Sonochemical synthesis of battery-type ZnCo2O4 electrode material with huge specific surface area for advanced hybrid supercapacitors

Abstract

Sonochemistry is a novel and efficient method for the synthesis of electrode materials within micro-/nano-scale. In this work, the ZnCo2O4 nanoparticles (NPs) and chain-like ZnCo2O4 nanostructures, namely ZnCo2O4–7.5 and ZnCo2O4–9.5, were sonochemically prepared by controlling the pH value of reaction system combined with an extra calcination.
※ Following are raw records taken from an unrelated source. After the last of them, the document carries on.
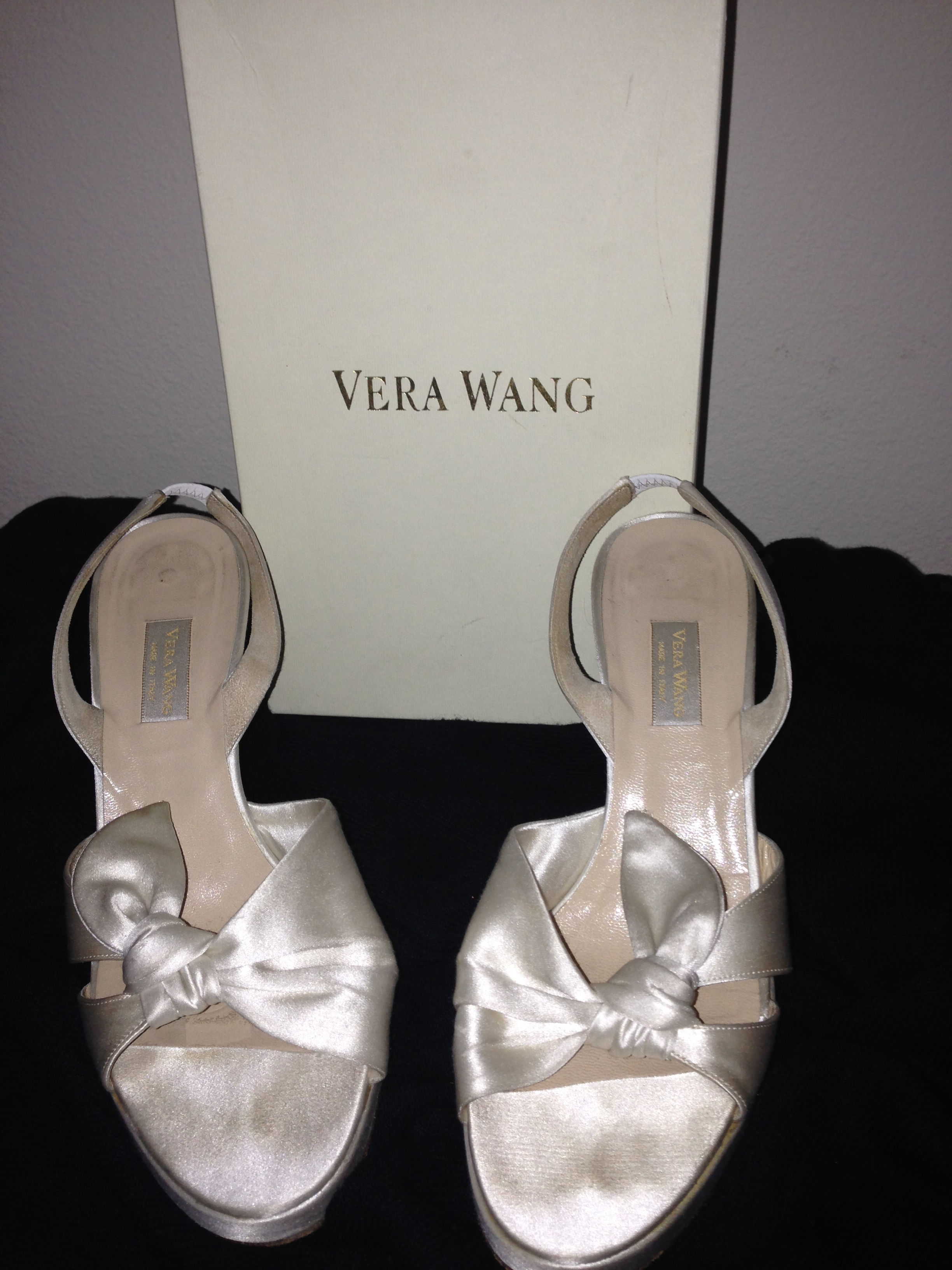 The shoes have been living in my closet for the past 13 years or so, only worn once on my wedding day. Satin white open toe sling back Vera Wangs. I haven’t been able to part with them. They just linger up their on the shelf in my closet crowded by Charles and David’s, Banana Republic, and PRADA.
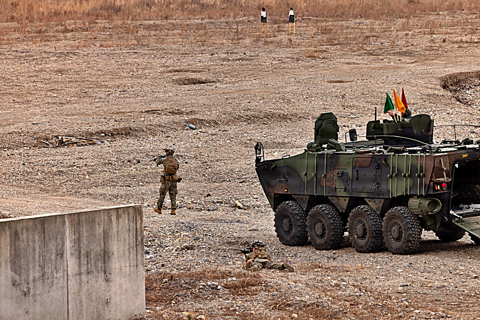 2026년 3월 12일, 대한민국 포항 수성리에서 실시된 한미교류프로그램(KMEP) 26.1 훈련 중, 미 해병대 제12연대 제12연대 소속 미 해병대원들과 대한민국 해병대원들이 K808 백호 장갑차를 이용 합동 전술 기동 훈련을 실시했다.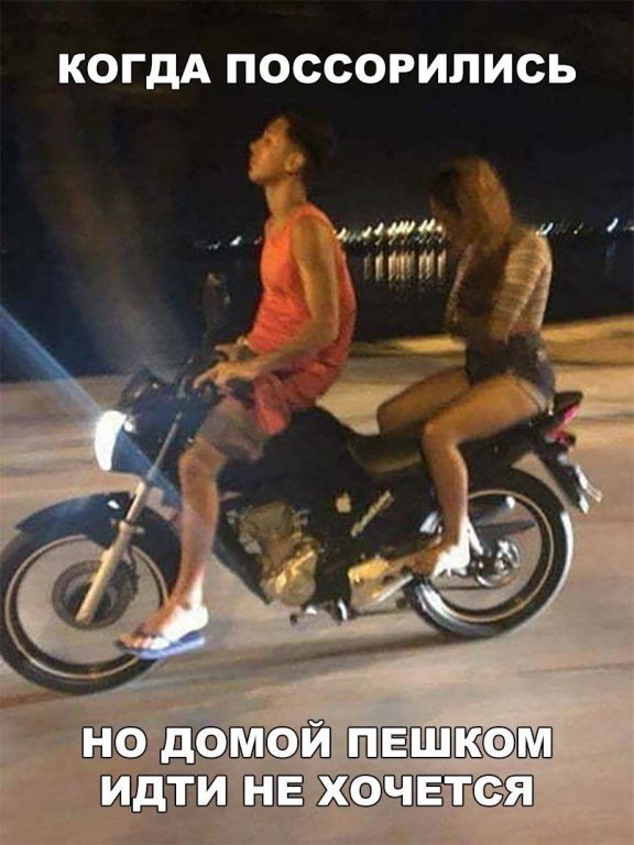 Маленькие неурядицы наверное во всех семьях есть,но надо как то всё решать по мирному.А девушка на мотоцикле вот упадёт и голову разобьет себе довыпендривается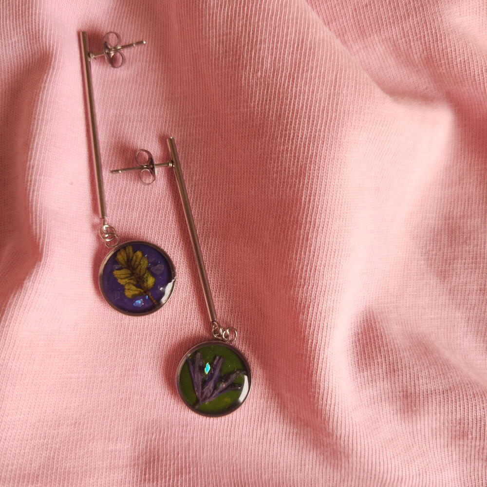 Earrings with real flowers in epoxy resin, hearts diameter 15 mm. Lenght оf each earring is 55 mm. Made in a single copy. Material is stainless steel.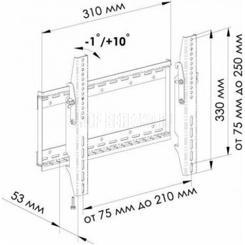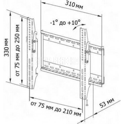 Кронштейн LPS 30-50 предназначен для крепления на стену LCD, LED, ЖК телевизора с диагональю экрана 17" -32" (43,2 см – 81,3 см) Тип: с наклоном ugolот -1° до 10°. Диагональ: 17" -32" (43,2 см – 81,3 см). Посадочные разм.: от 75 до 210мм (Г), от 75 до 250мм (В) Нагрузка: до 75 кг.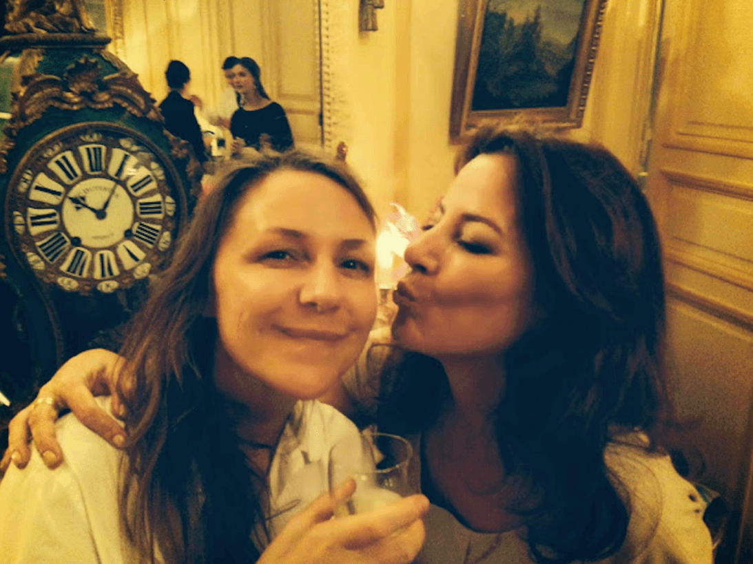 Diana Stigter van Stigter Van Doesburg from Amsterdam kisses Rachel Williams from Vilma Gold London at Reception in the Netherlands Ambassador’s Residence during the FIAC Art Fair in Paris 24 october 2013 (foto Fast Hands in Motion)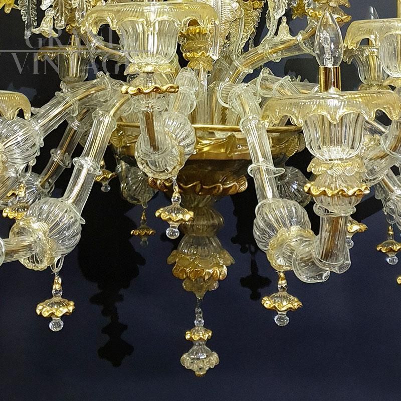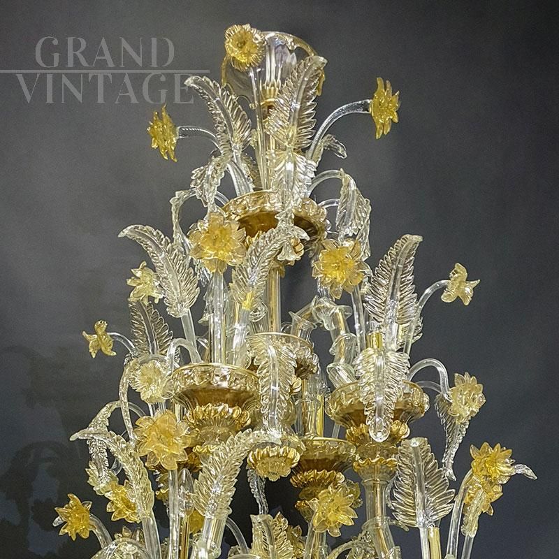 Lampadario in vetro di Murano cristallo oro con fiori dorati in stile Rezzonico-I-0058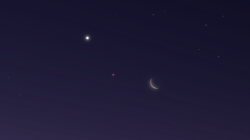 قال رئيس الجمعية الفلكية بجدة المهندس ماجد أبوزاهرة: إن مراقبي السماء في السعودية والوطن العربي يستعدون لمشاهدة منظر جميل فجر غد الأحد؛ حيث سيمر القمر بالقرب من كوكبين في نظامنا الشمسي: المريخ، والزهرة، قبل حوالي ساعتين ونصف من شروق الشمس. وأضاف: ”انتظام هلال القمر مع الزهرة شديد السطوع، والمريخ الباهت سيكون على قبة السماء بالأفق الجنوبي الشرقي، وهي مشاهدة بالعين المجردة بدون الحاجة إلى معدات رصد، وسيكون القمر في مرحلة الهلال... |
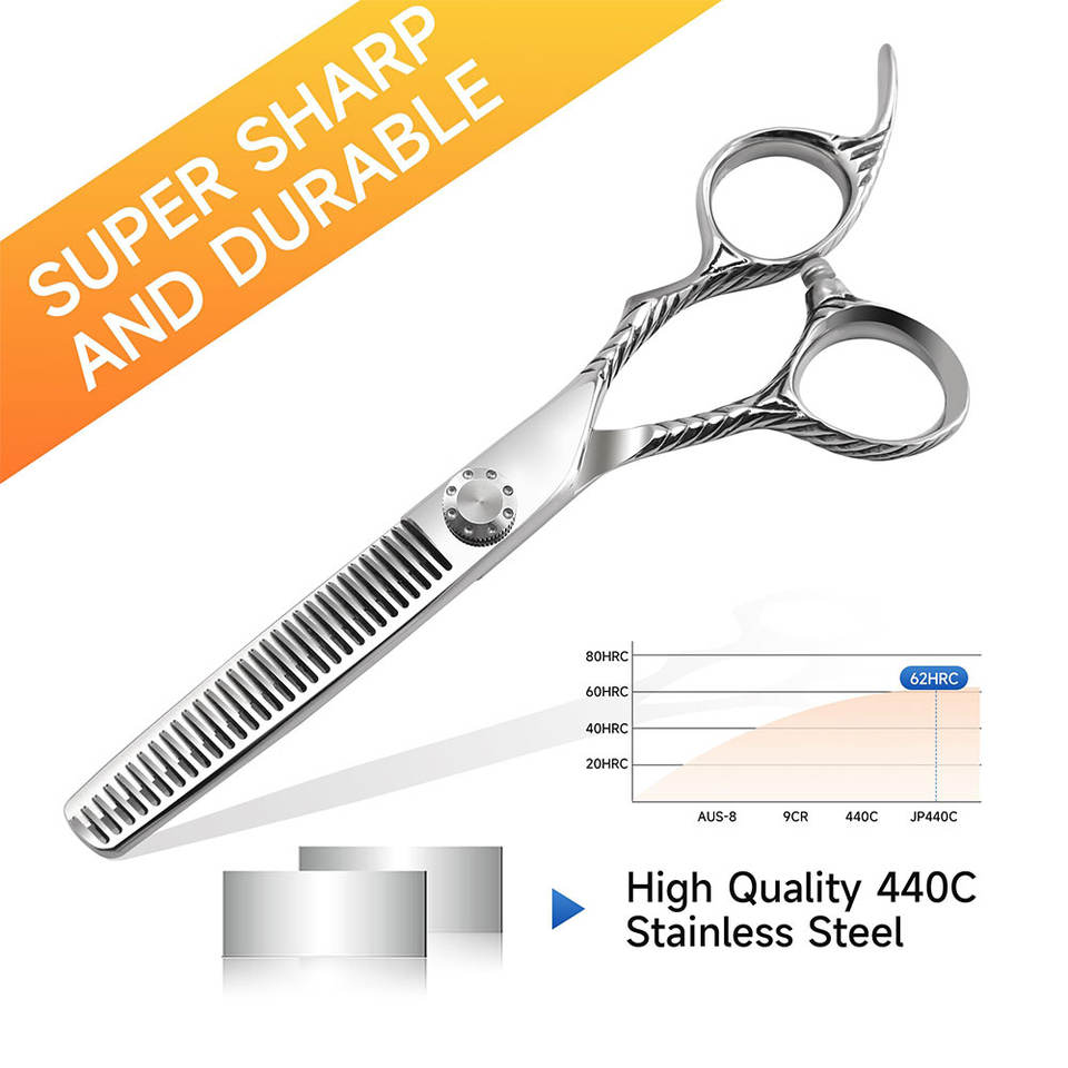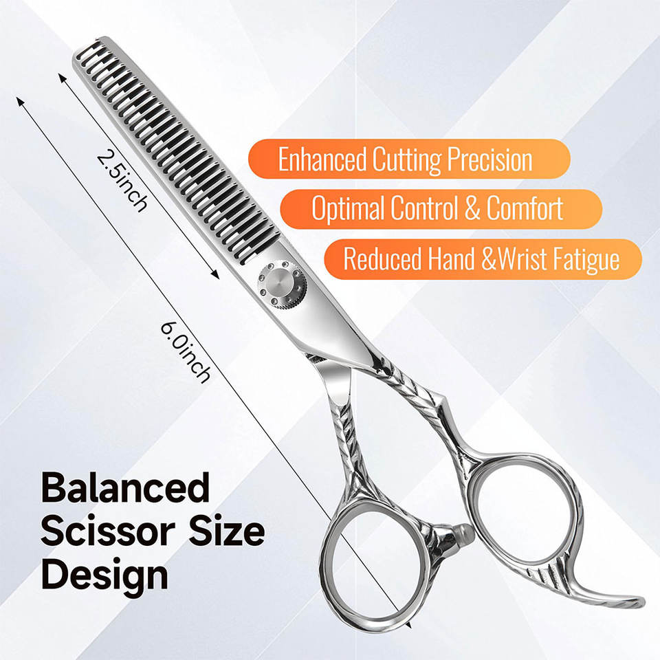 กรรไกรตัดผมแบบบาง6.0นิ้ว440C กรรไกรตัดผมแบบบางพร้อมที่จับสำหรับใช้ในร้านเสริมสวยและใช้ในบ้าน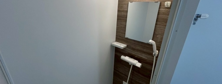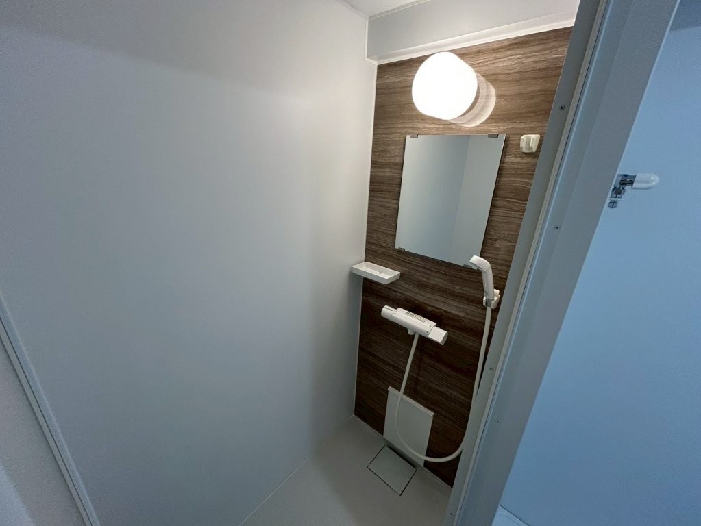 | 施工内容 | 既存3点ユニット撤去、配管調整、シャワールーム新設、壁パネル施工、床防水処理、照明交換 |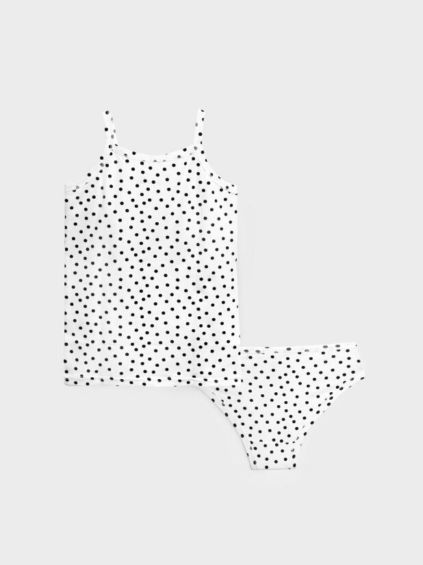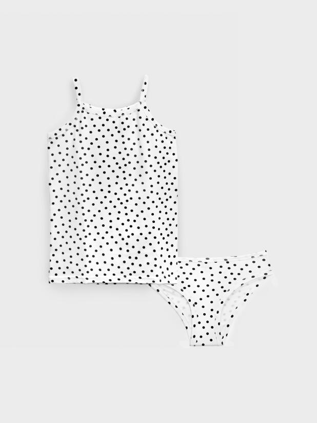Комплект белья детский для девочки. Комплект белья: майка и трусы-слипы. Майка на тонких нерегулируемых бретелях. Высокое содержание хлопка. Благодаря наличию эластана в составе ткани изделие проще в уходе и держит форму.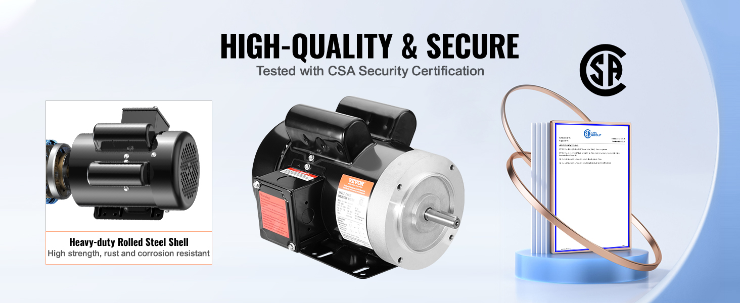 Durable and Safe: Tested to CSA standards. This air compressor motor features a heavy-duty rolled steel shell that resists rust and corrosion, ensuring a longer service life and reliable performance.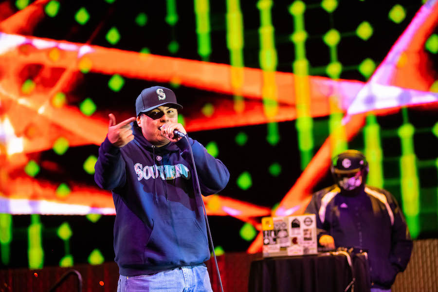 Performances throughout the show set their lyrics as the centerpiece of their songs, as was the case with Aurelio Valdez and Ivan/Melonic in their song “Nepantla.” The phrase “My ancestors, when I’m writin’, I see ‘em, and talk with ‘em” was repeated, along with powerful lyrics in both English and Spanish. As a member of the Latinx community, I found Valdez’s song personally meaningful because it spoke about how the past experiences of our family members impact our lives in many different ways. Simple, dark red graphics moved slowly in the background, not distracting the audience from the fast-paced lyrics but setting the mood all the same.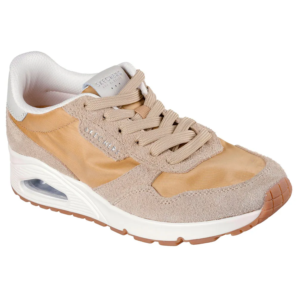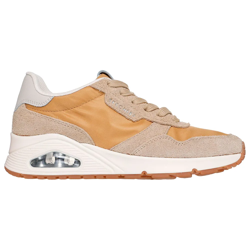 Классический комфорт с воздушной подушкой получает новое дыхание в модели Skechers Street UNO - Vintage Dayz. Этот ретро-стиль характеризуется верхом из замши и сетки со шнуровкой спереди, стелькой из пены с эффектом памяти с воздушным охлаждением и видимой промежуточной подошвой с воздушной амортизацией Skech-Air.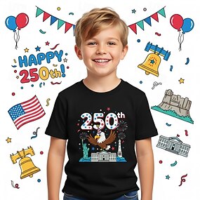 4 juillet 2026 250e Jour du Souvenir T-shirt à manches courtes imprimé en 3D drapeau américain patriote vétéran col rond pour homme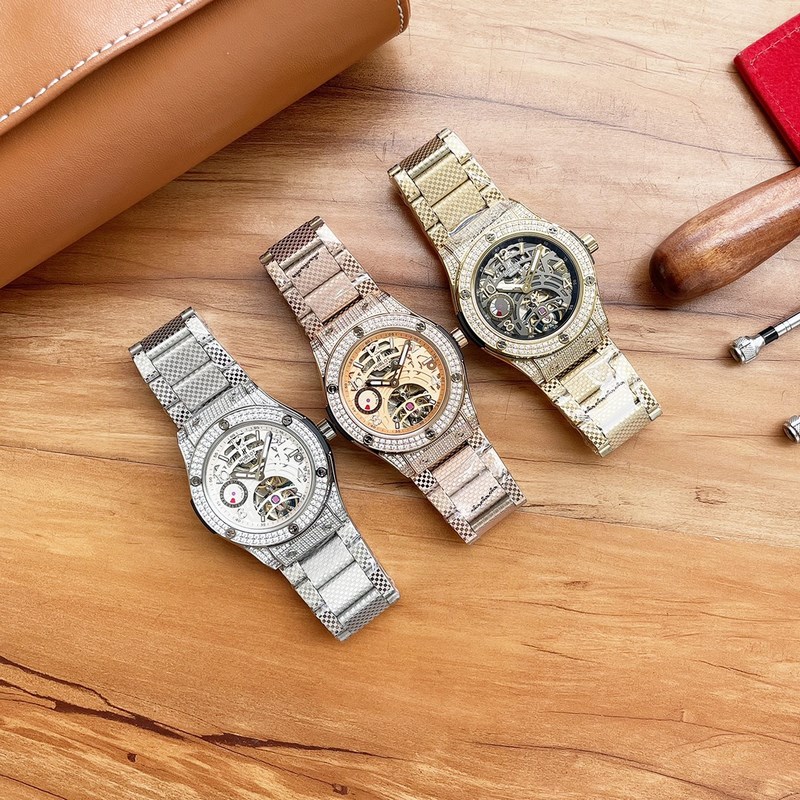 Hublot luxus gyémánt borítású férfi karórák, mechanikus replika csontváz számlappal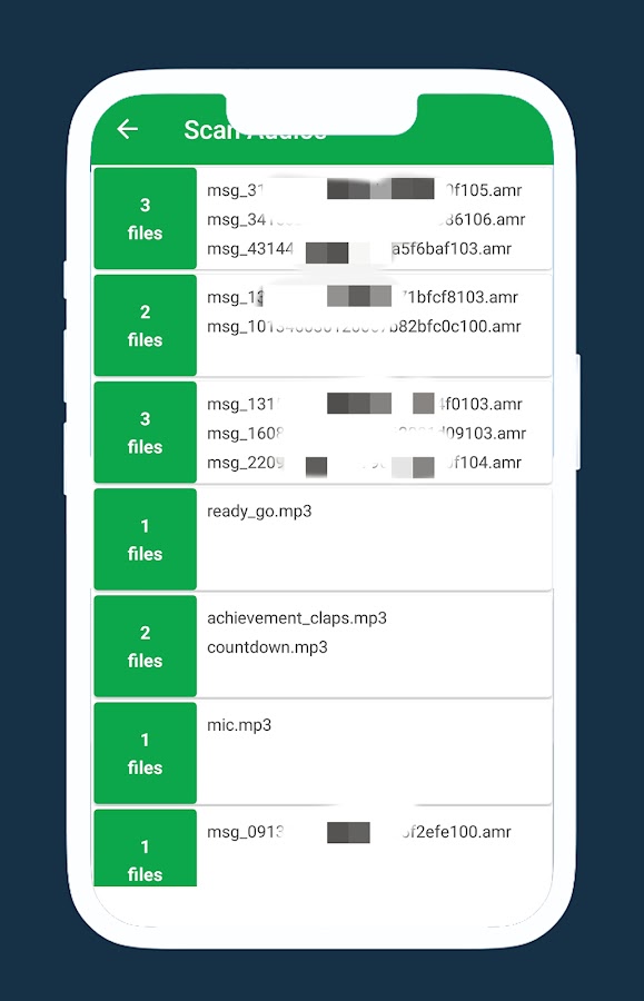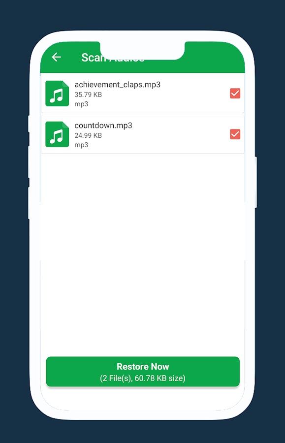 Это пользовательское удаленное приложение для восстановления звука. Приложение восстановления данных очень проста в использовании. Просто откройте приложение, сканировать удаленные аудио, и это может помочь вам найти и восстановить удаленные аудио. Всего несколько кликов, все удаленные аудио вы seleted будут восстановлены на ваш телефон.

The ZnCo2O4–7.5 NPs exhibited a larger specific surface area (SSA) of 148.77 m2 g−1, and presented better electrochemical properties such as a high specific capacity (Cs) of 331.2C g−1 under 2 A g−1 along with 82.5 % rate performance at 10 A g−1. As for the ZnCo2O4–9.5 nanostructure, it delivered an inferior Cs of 274.8C g−1 and showed a moderate rate capability with 75.6 % capacity retention, accordingly. The hybrid supercapacitor (HSC) device was assembled using such ZnCo2O4–7.5 NPs (ZnCo2O4–9.5 nanostructure) as cathode and activated carbon (AC) as anode to explore the application potential in the field of electrochemical energy storage. After 7000 cycles at the current density of 8 A g−1, both ZnCo2O4–7.5//AC and ZnCo2O4–9.5//AC HSCs showed outstanding cyclic stabilities with 100.4 % and 105.1 % of initial capacity retention, respectively. Meanwhile, the ZnCo2O4–7.5//AC HSC delivered a high energy density (Ed) of 38.1 W h kg−1 at the power density (Pd) of 1002.0 W kg−1, and it could still hold 26.3 W h kg−1 at the higher Pd of 9136.5 W kg−1. In contrast, the ZnCo2O4–9.5//AC HSC presented a slightly inferior Ed of 36.8 W h kg−1 at 1104.7 W kg−1. The both types of ZnCo2O4–7.5 and ZnCo2O4–9.5 electrode materials demonstrate excellent electrochemical property, and they can be expected to show brilliant application potential in the field of electrochemical energy storage & conversion when served as electrode materials for high-performance hybrid supercapacitors.